Taste-test olive oils to find your favorite. The world is filled with tons of remarkable olive oils. Some have more peppery notes, and others are more fruity. With so many different types of olive oil to choose from, the best strategy for finding one you like is to taste them. Chef Waters recommends hosting an annual olive oil tasting party. “It will cut down on the cost when you taste in a group,” she says, “and it will help you learn together how to articulate what you’re tasting.” The bottom line is the best olive oil is the one you enjoy the most.

Buy organic olive oil. Chef Waters recommends looking for organic labeling (“biologico” in Italian) or confirming the farming practices with the grower or salesperson.

Select for freshness. Check for the calendar year printed on the bottle and use within one year of bottling.

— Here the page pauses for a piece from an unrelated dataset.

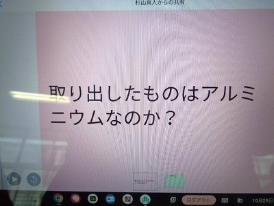 反応した後のアルミニウムは、実験前と同じものなのか、調べる方法を考えています。
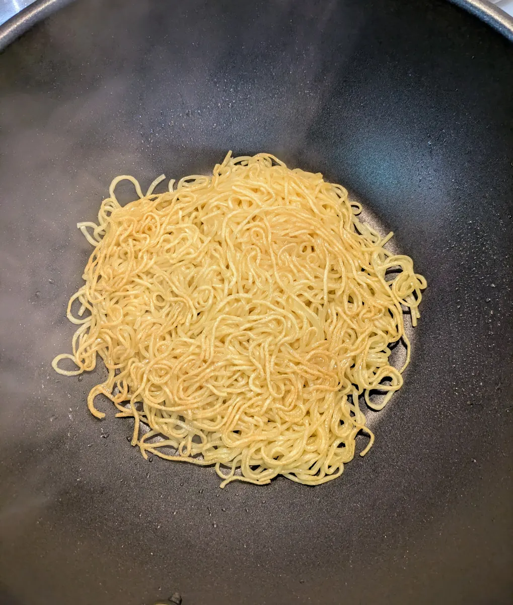 茹で上がった麺を湯切りし、ごま油で両面色づく程度に焼きます。

Pick up two bottles. Lighter olive oils have a slightly high smoke point, making them ideal for cooking over high heat. In contrast, rich olive oils are more flavorful and have a better mouthfeel making them ideal for finishing a dish. “Sautéing in extra-virgin olive oil doesn’t really work,” Chef Thomas Keller says. “Heat is one of the big enemies of the quality of the oil and the flavor of the oil. So the more you heat the oil, the less flavor it has. . . . Our extra-virgin olive oils or our finishing oils are only for that purpose, to finish, to add flavor afterward.”

Store your oil correctly. “Oxidation will occur once you open the oil, and we wanna try to prevent any diminishing effects on the oil through oxidation through heat and through light,” Chef Thomas Keller says. “So keep it in a cool, dark place. And use it as quickly as possible. I can’t say that enough.”